The department first put horizontal drilling opportunities out to bid in the fall of 2014 and has since struck leases in the northern counties of Marshall, Tyler and Wetzel. They include parts of wildlife management areas at Conaway Run Lake, The Jug, Underwood, Burches Run Lake and Lewis Wetzel; Fish Creek and Middle Island Creek; and a few miles of the Ohio River.
Given the uncertainty about natural gas prices, West Virginia Commerce Secretary Keith Burdette said the state is treating the leases as one-time cash that will bolster the parks system and wildlife programs, hopefully creating more revenue sources through the improvements.
Under state and federal requirements, about $5.4 million has to be doled out to state Division of Natural Resources projects, and $12.6 million must go back into wildlife management.
Burdette said the state plans to spend a few million dollars to renovate 34 cabins, including adding heat and air conditioning to some cabins that aren’t currently year-round rentals. Officials also will add 10 picnic shelters across the park system and upgrade some campground sites with electric hookups, bigger parking areas and water and wastewater system repairs. Burdette said a spray park designed for toddlers is also in the plans, likely at Chief Logan State Park.

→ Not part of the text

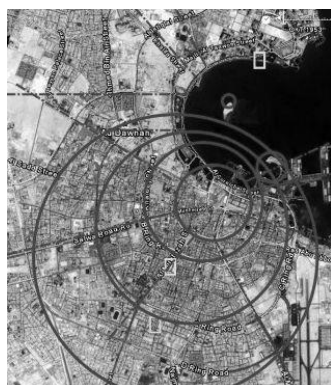
Рис. 4. Планировка г. Доха (Катар)

Радикально меняется система городских улиц. Например, город Эль Кувейт (рис. 3). Вокруг старого центра, расположенного как правило на мысу, выходящем в море, на месте старой крепостной стены разбиваются полукруглые бульвары, от которых развивается радиальная сеть широких улиц. Она плавно переходит в почти прямоугольную сеть магистралей, пересекающих территорию на примерно равные кварталы. Однако это не периметрально застроенные как в Европе кварталы, а плотно заполненные массивы. На схеме видно, что эта система планировки была заложена в 1964 г. По сравнению с описываемым периодом в настоящее время г. Эль Кувейт с птичьего полета представляется как четко структурированный и достаточно однородно застроенный.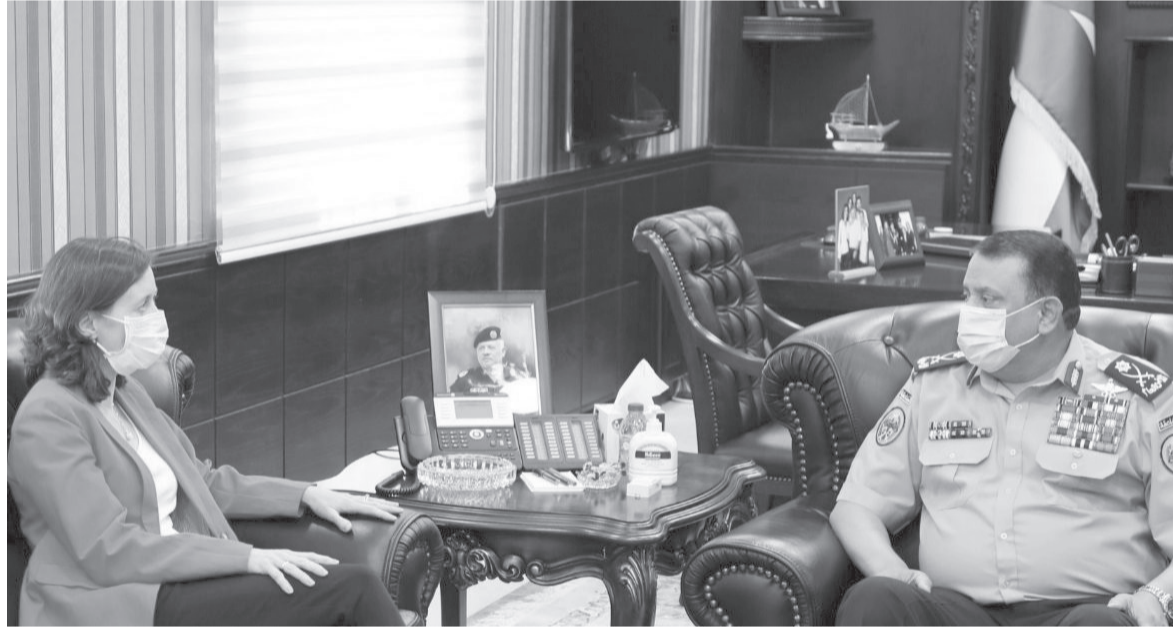
والشرطية وبما يسهم في خدمة البلدين الصديقين.

With the wildlife area money, Burdette said the state wants to fix lingering issues with fishing dams and add recreational offerings at state parks, including handicap-accessible lake docks.
“It really is about money,” Burdette said. “It’s about how we create self-sustainability.”
The leasing contracts charge an additional 20 percent royalty on what the companies extract, a source of revenue that won’t come through for the cash-strapped state until companies decide the market and other variables are right.
Representatives from several companies – including Statoil USA Onshore Properties, which spent $4.1 million up front for two Ohio River leases – said they weren’t sure when they would begin drilling under the state lands. The leases prohibit companies from drilling on state property, and many state lands fit in like puzzle pieces with other tracts the companies already have paid for.
It’s too soon to say if Statoil will drill under state lands this year, said company spokesman Peter Symons.
Burdette said the state will yield a better return if prices recover first, anyway.
“It may be a year or two, but it will rebound,” Burdette said. “It’s not as if we’re pressed on this.”